» TASK DETAILS:
Only the stretch below from the line holding "Panneau décoratif en" through the line holding "o 2004년 12월" should be restated, word for word and with both ends included; pictures stay out.

[EXCERPTED DATA — start]

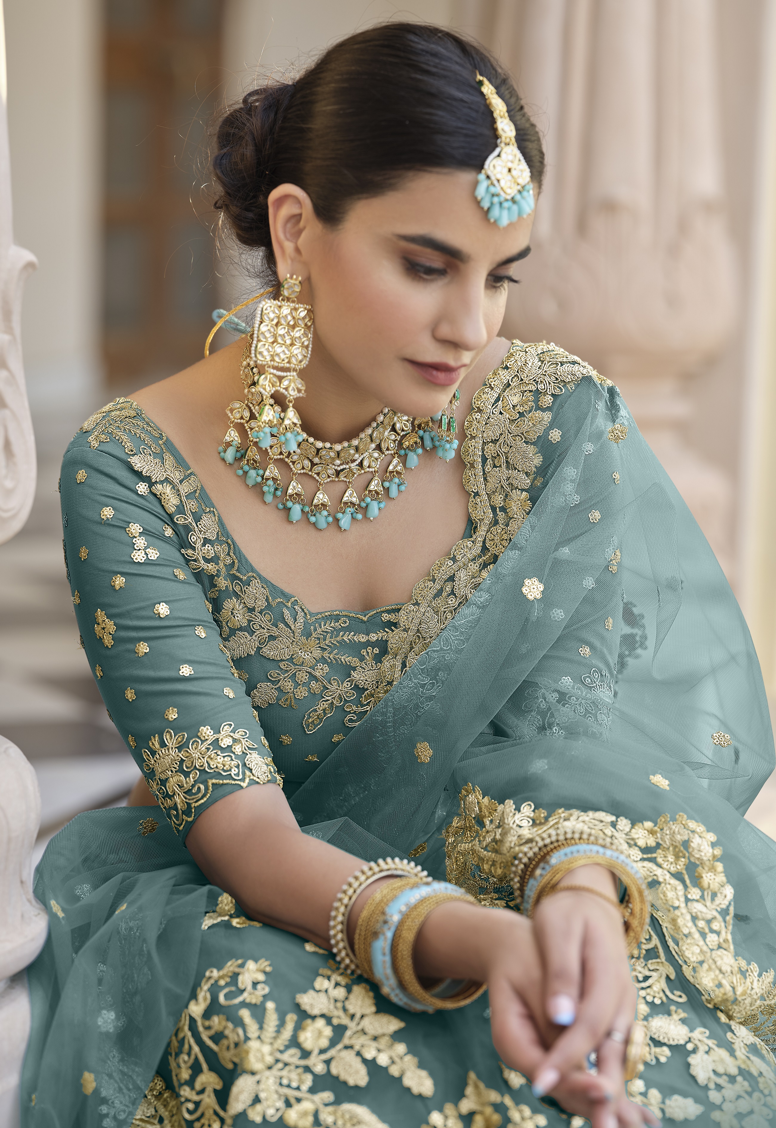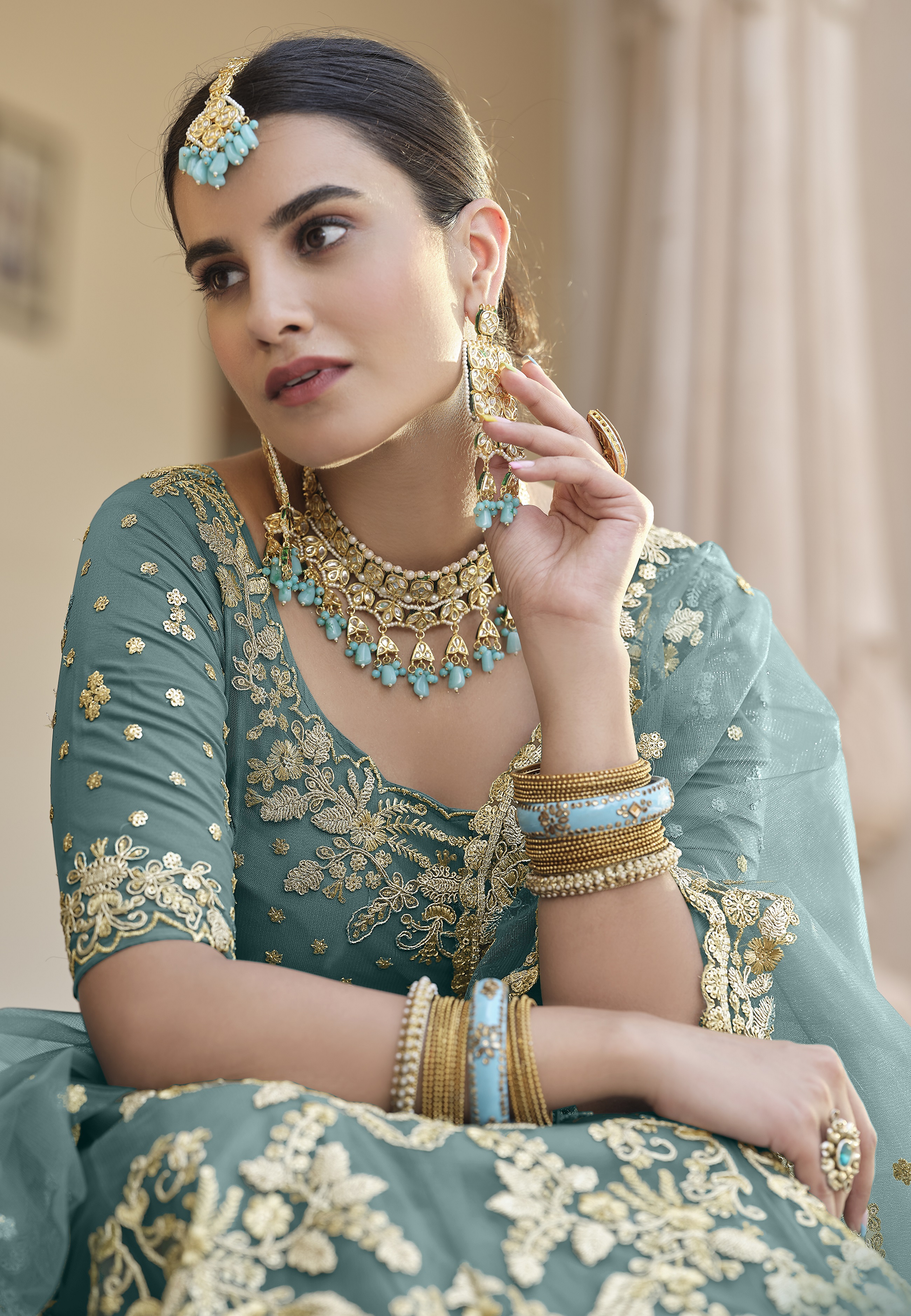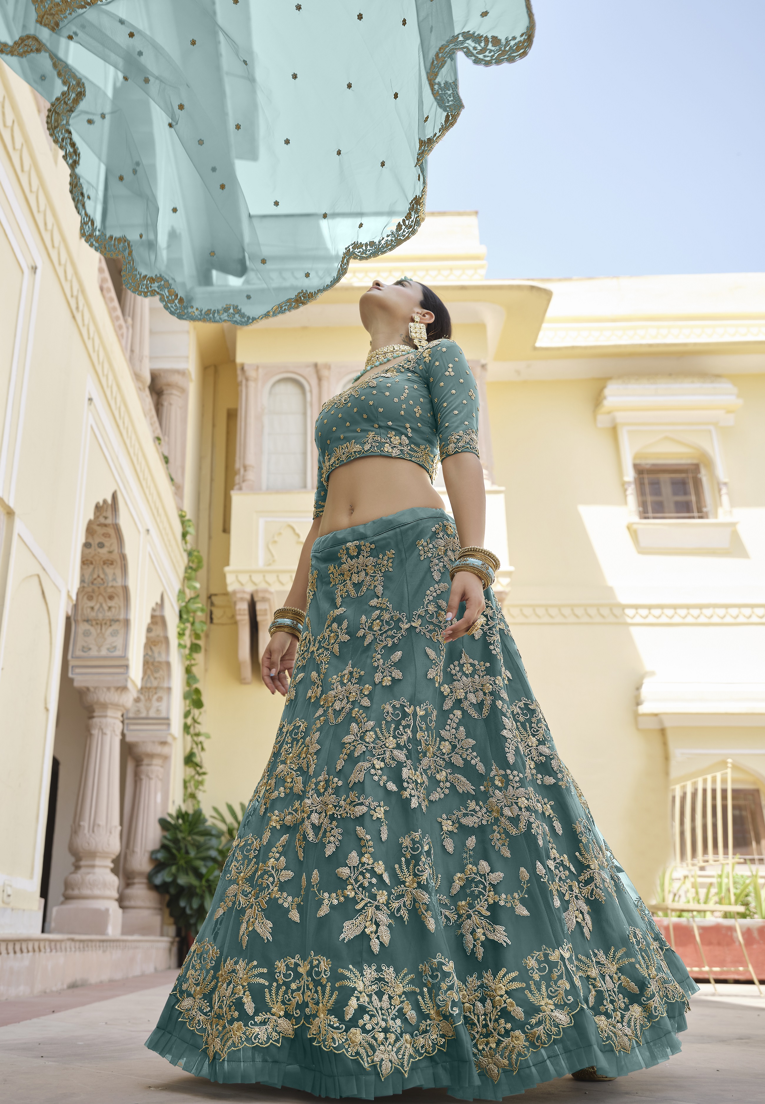 Elevate your ethnic look with this turquoise net lehenga featuring zari work work. Designed for festive occasions and celebrations, it offers a graceful flow and timeless appeal.Crafted from lightweight net fabric with a semi-stitched finish, this lehenga ensures comfort and easy customization. Dry clean recommended.
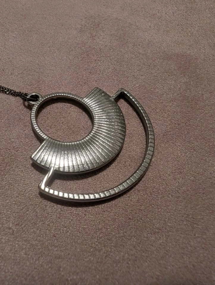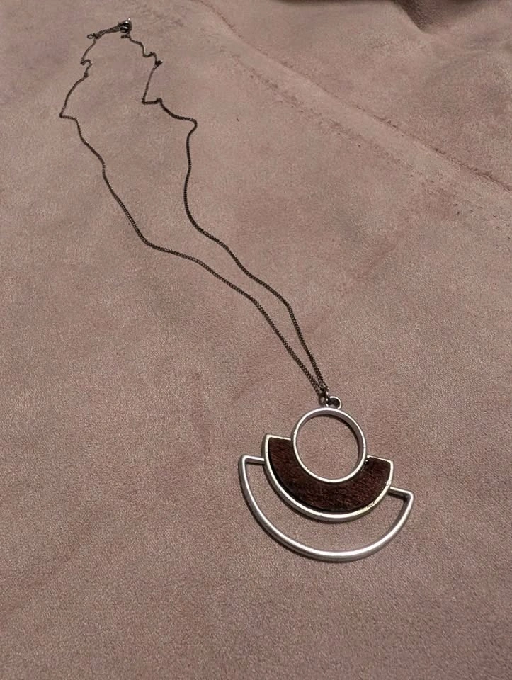 Sterling Silver necklace with Geometric silver pendant with wood detailing. Wood piece has a soft shimmery finish in the light. Chain is stamped 925.
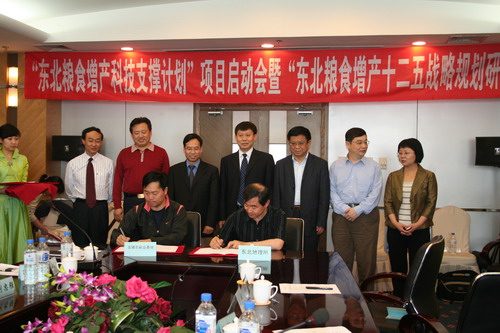 5月11日,在中科院“東北糧食增產(chǎn)科技支撐計劃”項目啟動會上,我所何興元所長與沈陽軍區(qū)直屬農(nóng)副業(yè)基地管理局高同彬局長簽署了《中國科學(xué)院東北地理與農(nóng)業(yè)生態(tài)研究所與沈陽軍區(qū)龍鎮(zhèn)農(nóng)副業(yè)基地科技合作協(xié)議》,院生物局張知彬局長、長春分院王利祥院長以及地方有關(guān)領(lǐng)導(dǎo)參加了簽約儀式。
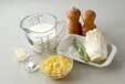 エノキがしんなりすれば牛乳、固形ブイヨンを入れ、固形ブイヨンが煮溶ければ、クリームコーンを加える。
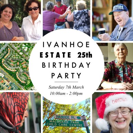 You are invited to the 25th Birthday Party of the Ivanhoe Estate in Macquarie Park! Built in 1990 this jewel in the crown of NSW Social Housing system has housed literally hundreds of families and individuals over the last twenty five years. To celebrate this occasion and the wonderful community who call it home, the Ivanhoe Estate Tenants Group (IETG) and The Salvation Army will be working together to organise a gigantic 25th Birthday Party!
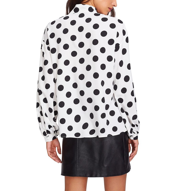 - Lantern long sleeve, bow tie decoration, polka dot blouse
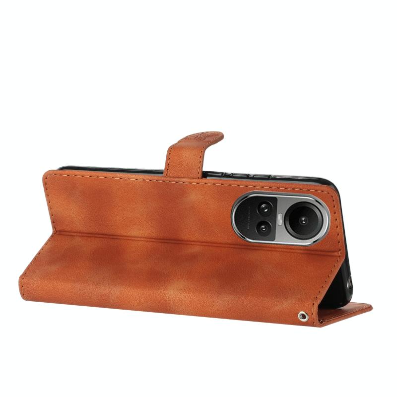 Θήκη τηλεφώνου από δέρμα με ανάγλυφο σχέδιο λουλουδιών και πεταλούδας για OPPO Reno10 5G / Reno10 Pro 5G (Καφέ)
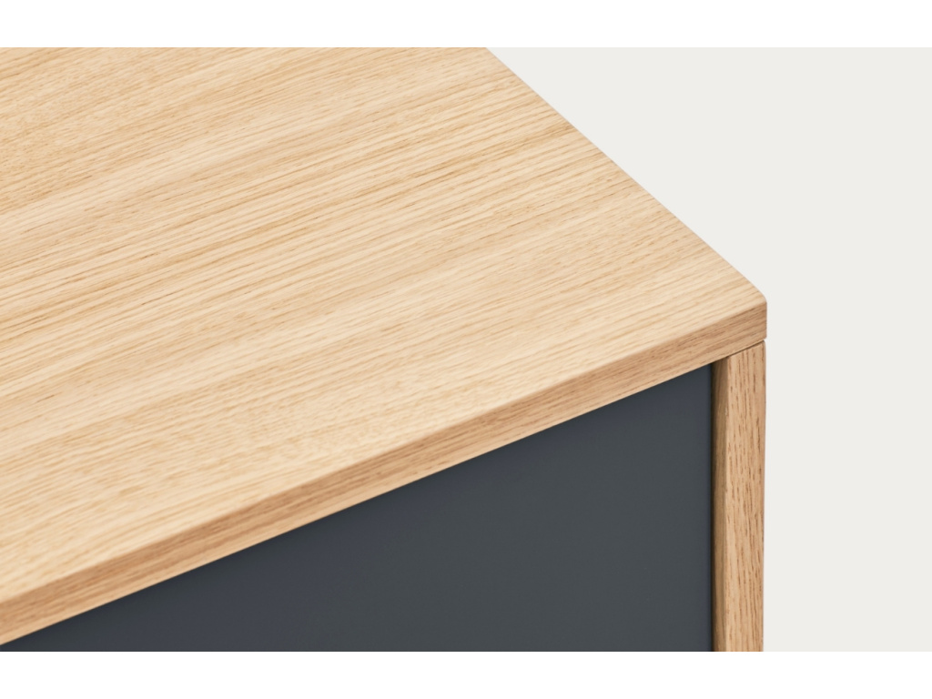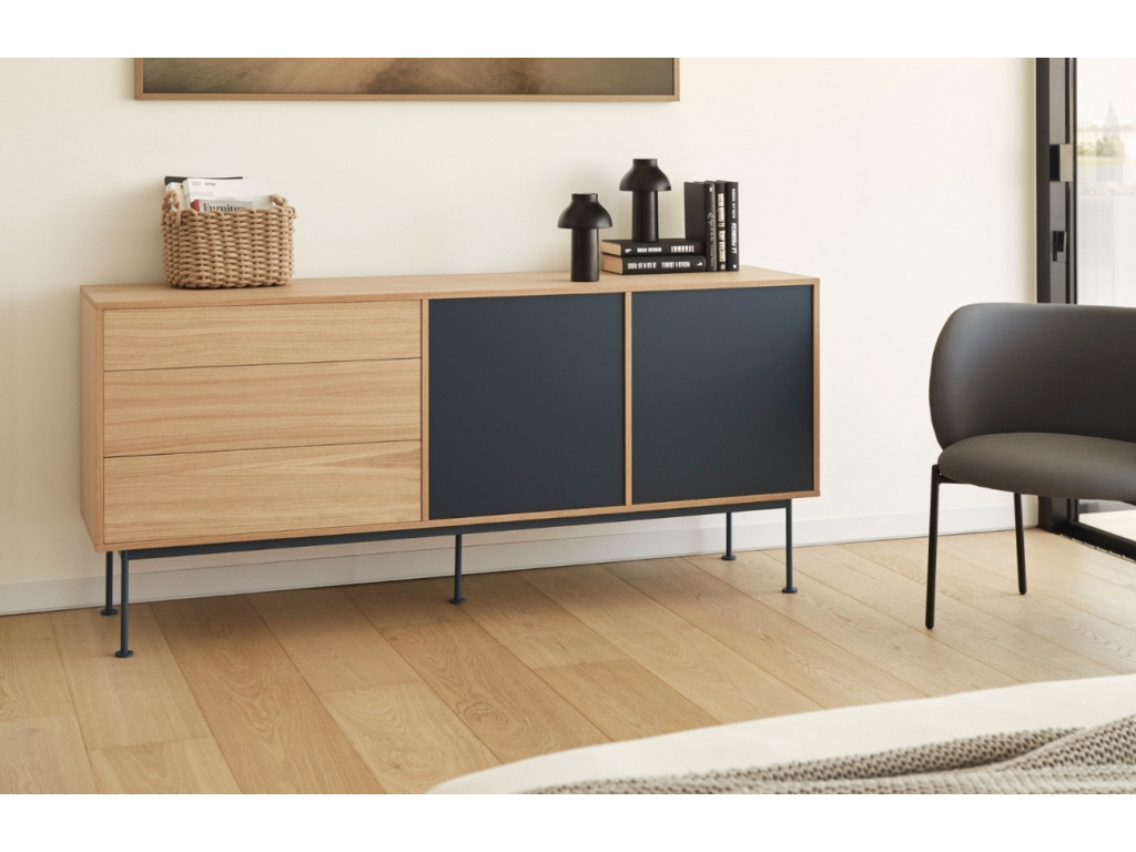 Stylová komoda Teulat Yoko zaujme na první pohled svým neobyčejným designem. Kombinace korpusu z dubové dýhy, dvířek z lakované MDF v antracitově šedé barvě a kovové podnože ve stejné barvě vnese do vašeho interiéru moderní a trendy prvek. Komoda disponuje 4 uzavřenými policemi a 3 prostornými zásuvkami, které vytváří praktické a prostorné úložiště, kam pohodlně uložíte váš inventář. Komoda se skvěle hodí do moderních interiérů. Doporučujeme kombinovat s dalšími produkty z řady Yoko.
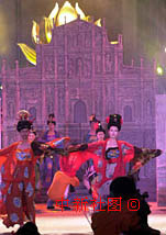 圖文:慶澳門回歸一周年文藝晚會(huì)3 2000年12月12日 09:35 ![]() 大三巴牌坊為背景的古代服飾表演.為慶祝澳門回歸一周年,中央電視臺(tái)心連心藝術(shù)團(tuán)十一日晚在澳門蓮花廣場舉辦“流光溢彩濠江情”文藝晚會(huì),圖為以大三巴牌坊為背景的古代服飾表演。中新社傳真 宗金柱 攝
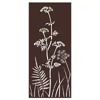 Panneau décoratif en métal L.80 x H.180cm - Ombellifères et fougère - Marron Très belle décoration, il va très bien sur le petit massif crée , ma cliente est très satisfaite , mis en valeur avec des gaura et des stoppa
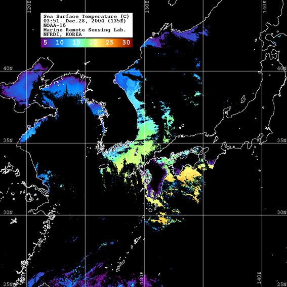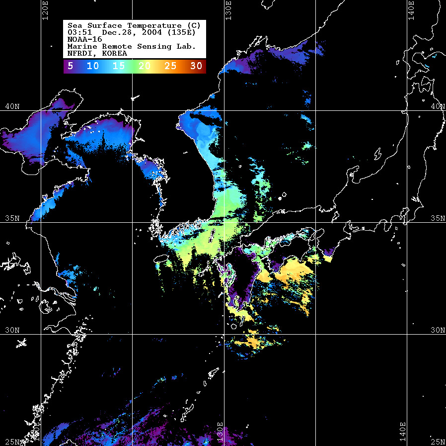 o 2004년 12월 28일 03시 51분 NOAA-16호 위성영상입니다. o 수온분포는 범례를 참고하시기 바랍니다. o 검은색은 구름 또는 육지를 나타냅니다.
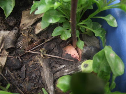 อยู่มาวันนึงช่วงเดือน มีนาคม สงสัยต้นอะไรมางอกอยู่ในกระถาง วอเตอร์เครส พอดีมาหาเด็ดยอดวอเตอร์เครส จะไปผัดไฟแดงกับเห็ด เจ้นันท์ ทีแรกมือคันนึกจะถอนทิ้ง เลยคิดอีกทีขุดลงไปดูดีกว่ามามันลูกอะไร อย่างน้อยต้องมีเปลือกของเมล็ดติดอยู่บ้าง พอแหวกพุ่มวอเตอร์เครสออก จำได้แล้ว...!!!!!
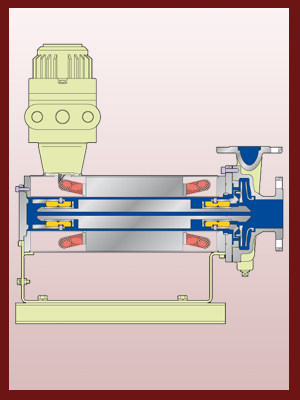 The pump and motor are connected by an adapter plate or a FB housing. A portion of the liquid being handled is taken from the impeller outlet part of the pump chamber into the rotor chamber for the purposes of cooling the motor and lubricating the bearings and returned to the pump chamber through the hollow shaft. A jacket may be fitted to the outer wall of the stator assembly depending on the temperature and other characteristics of the liquid being pumped.
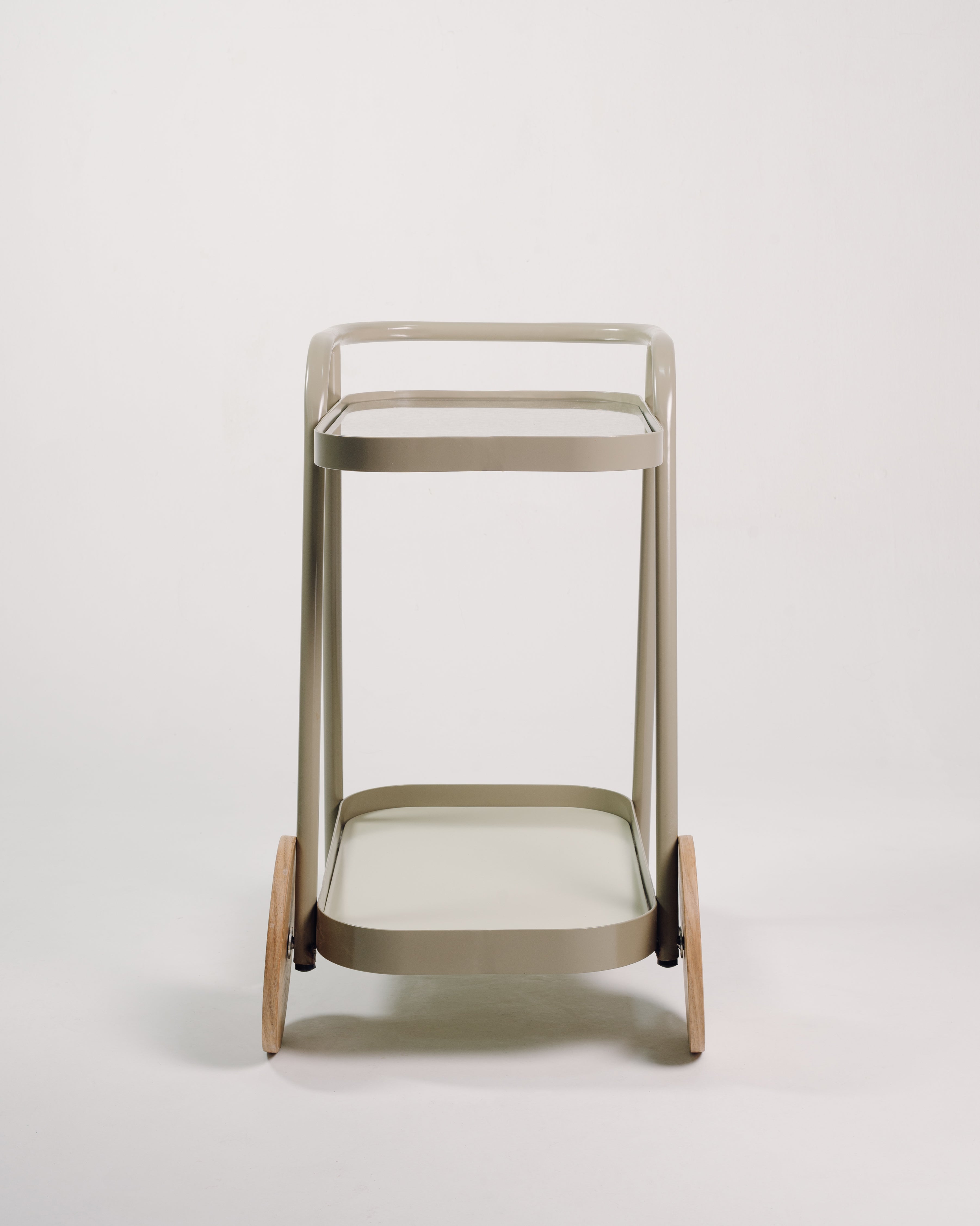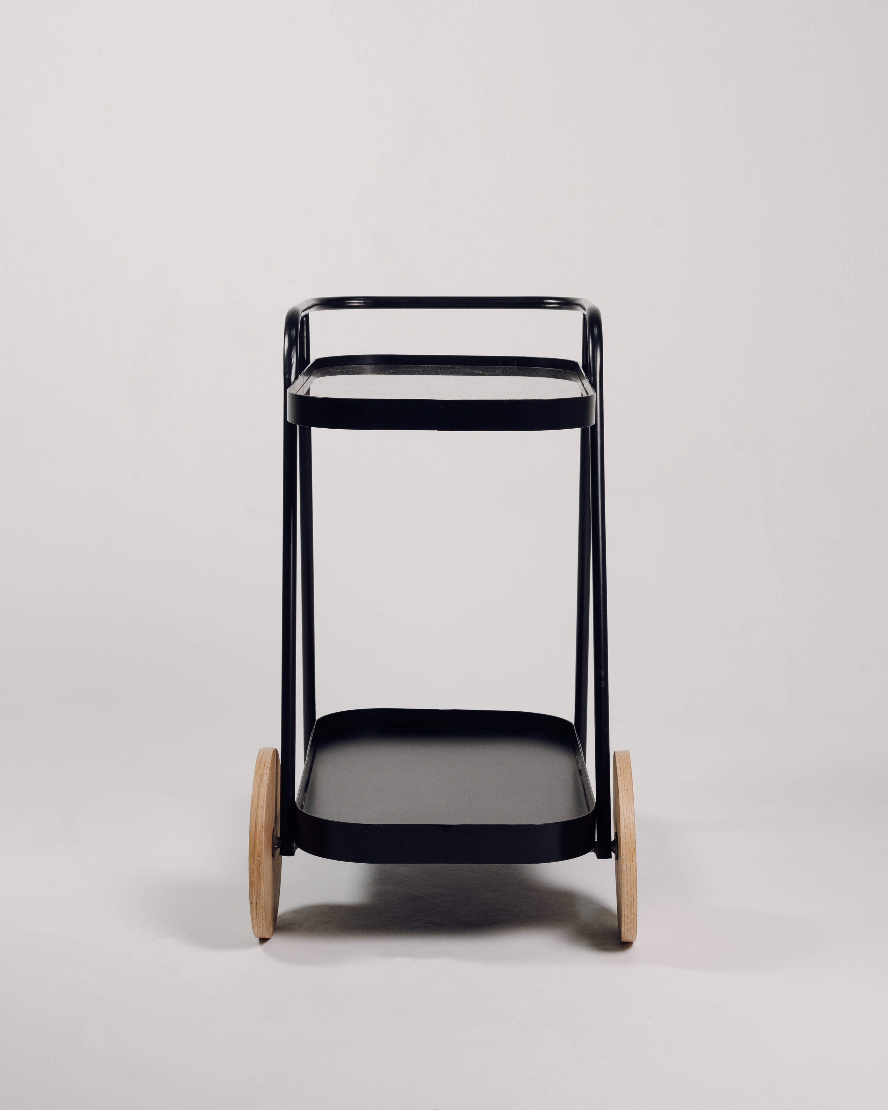 El Carro Bar cuenta con estructura en metal recubierta con pintura electrostática, superficie superior en vidrio con apariencia envejecida y bases delanteras en madera de roble macizo con acabado natural que resalta la veta del material. Es un Carro Bar adecuado para uso en interiores.

[EXCERPTED DATA — finish]

» RESPONSE TO THE TASK:
 Panneau décoratif en métal L.80 x H.180cm - Ombellifères et fougère - Marron Très belle décoration, il va très bien sur le petit massif crée , ma cliente est très satisfaite , mis en valeur avec des gaura et des stoppa
 o 2004년 12월 28일 03시 51분 NOAA-16호 위성영상입니다. o 수온분포는 범례를 참고하시기 바랍니다. o 검은색은 구름 또는 육지를 나타냅니다.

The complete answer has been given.